So if the signal is made up of eight samples, then the transform has eight frequency bins going from zero up to seven times the fundamental frequency. So let's do an example. Say we have a signal made up of eight samples. Well, then the discrete Fourier transform will have eight frequency bins. The first bin corresponds to a frequency of zero. Essentially this measures if the signal is systematically shifted off the x-axis. You can think of it as measuring the DC offset.
You multiply each data point by one and add them all together; in this case, they add to zero. The second frequency bin corresponds to the frequency that fits one period in the duration of the signal. So in this case that corresponds to one hertz. You multiply each point by a sine wave of this frequency and a cosine wave of this frequency and separately add them up. For sine, they add to zero. For cosine, they add to four, and then repeat the process for two hertz, three hertz, and so on, up to seven hertz.
And you have the discrete Fourier transform of this really simple signal. Now this process works fine in principle, and you could use it to calculate all discrete Fourier transforms. But the problem is it requires way too many calculations. To complete one discrete Fourier transform requires multiplying N data points by N different frequency waves. So N squared complex multiplications. Now this is doable for eight samples, but if you had, say, a million samples, that would require a million squared, or one trillion calculations.
At the speed of 1960s computers, that would take over three years to complete, all for a single transform. Now a million samples is admittedly more than you would need for a single seismic event, but to analyze tens of events per day from hundreds of seismometers, it would just be far too time-consuming, and that's what gave scientists the impetus to look for a better way.
And the breakthrough came in 1963 at a meeting of the President's Science Advisory Committee. President John F. Kennedy was there, as were Garwin and Tukey, the physicist and mathematician from the Geneva meeting. Although they were discussing issues of national importance like the Apollo program and nuclear fallout shelters, the meeting was apparently pretty boring. Garwin observed Tukey doodling throughout, but what he was actually doing was working on discrete Fourier transforms.
At the end of the meeting, Garwin asked Tukey what he had worked out, and he was shocked to learn that Tukey knew a way to compute discrete Fourier transforms with many fewer computations. It would mean that the calculation that would’ve taken over three years could be done in just 35 minutes. This has aptly become known as the Fast Fourier Transform.
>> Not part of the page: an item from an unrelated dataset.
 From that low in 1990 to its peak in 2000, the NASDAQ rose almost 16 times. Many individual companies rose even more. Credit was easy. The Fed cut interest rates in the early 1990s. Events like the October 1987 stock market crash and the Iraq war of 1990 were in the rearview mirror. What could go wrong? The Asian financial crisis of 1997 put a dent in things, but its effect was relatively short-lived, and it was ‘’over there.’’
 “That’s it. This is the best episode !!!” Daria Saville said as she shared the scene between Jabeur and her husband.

So here is how it works.
Consider the example from before with eight samples. Each of those data points must be multiplied by the eight different frequency waves. Here I'm only showing cosines for simplicity. So you would expect this to require eight times eight, or 64 complex multiplications. But due to the periodic nature of sinusoids, these waves of different frequencies overlap in a predictable way. For example, at the middle data point, all of the four odd frequencies have the same value, and all of the four even frequencies have the same value as well.
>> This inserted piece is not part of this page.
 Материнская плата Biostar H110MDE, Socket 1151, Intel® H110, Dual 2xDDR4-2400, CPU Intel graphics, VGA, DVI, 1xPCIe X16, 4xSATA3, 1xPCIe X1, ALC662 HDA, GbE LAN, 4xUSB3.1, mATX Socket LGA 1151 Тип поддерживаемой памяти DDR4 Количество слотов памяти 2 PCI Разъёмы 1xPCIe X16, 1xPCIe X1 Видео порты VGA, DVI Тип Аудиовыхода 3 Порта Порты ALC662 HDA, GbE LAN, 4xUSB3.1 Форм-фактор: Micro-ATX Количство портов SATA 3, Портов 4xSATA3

So instead of doing eight multiplications, you only need to do two. And this sort of duplication occurs at the other data points as well. So instead of performing 64 calculations, you need only 24. Now that might seem like a small improvement, but it's the difference between a calculation that scales as N, the number of samples squared, versus one that scales as N log base two of N, which means the bigger the data set, the greater the savings.
A signal with a thousand samples would require 100 times fewer calculations, and a million samples would require 50,000 times fewer calculations. But how do you know which calculations are redundant? Well, take your samples and split them into even and odd index points. You still need to multiply each of these by the eight different frequency waves. But now let's look only at the even points and compare the first four frequencies to the second four frequencies.
And what you find is that in each case at the location of the samples, the values of the two sine waves are the same. A similar pattern can be observed for the odd index points, except the values of one sine wave are the negative of the other. More generally, they're related by a complex number. But what this means is that you don't have to do all the multiplication for the second half of the frequencies.
Once you've calculated the odd and even sums for the lower half of the frequencies, you can reuse these values to find the upper half. So you've effectively cut the number of calculations required in half, but that's only a factor of two. How do you get down to N log base two of N? Well, you repeat the same trick, split the samples again into even and odd points, and then again repeatedly until you're down to single data points.
At each split, you can exploit the symmetries of sinusoidal functions to cut the number of calculations in half. And that is how the Fast Fourier Transform reduces N squared calculations down to N log N. And it's why today whenever anyone takes a Fourier transform, it's almost always done as a Fast Fourier Transform.
Garwin approached an IBM researcher, James Cooley, to program a computer to run the FFT algorithm, but he didn't tell him the reason was to detect underground Soviet nuclear tests. He said it was to work out the spins in a crystal of helium-3. Cooley and Tukey published the algorithm in a seminal 1965 paper, and its use immediately took off, but it was too late to secure a comprehensive nuclear test ban. By that time, the U.K., France, and China had joined the Soviet Union and the U.S. as nuclear powers.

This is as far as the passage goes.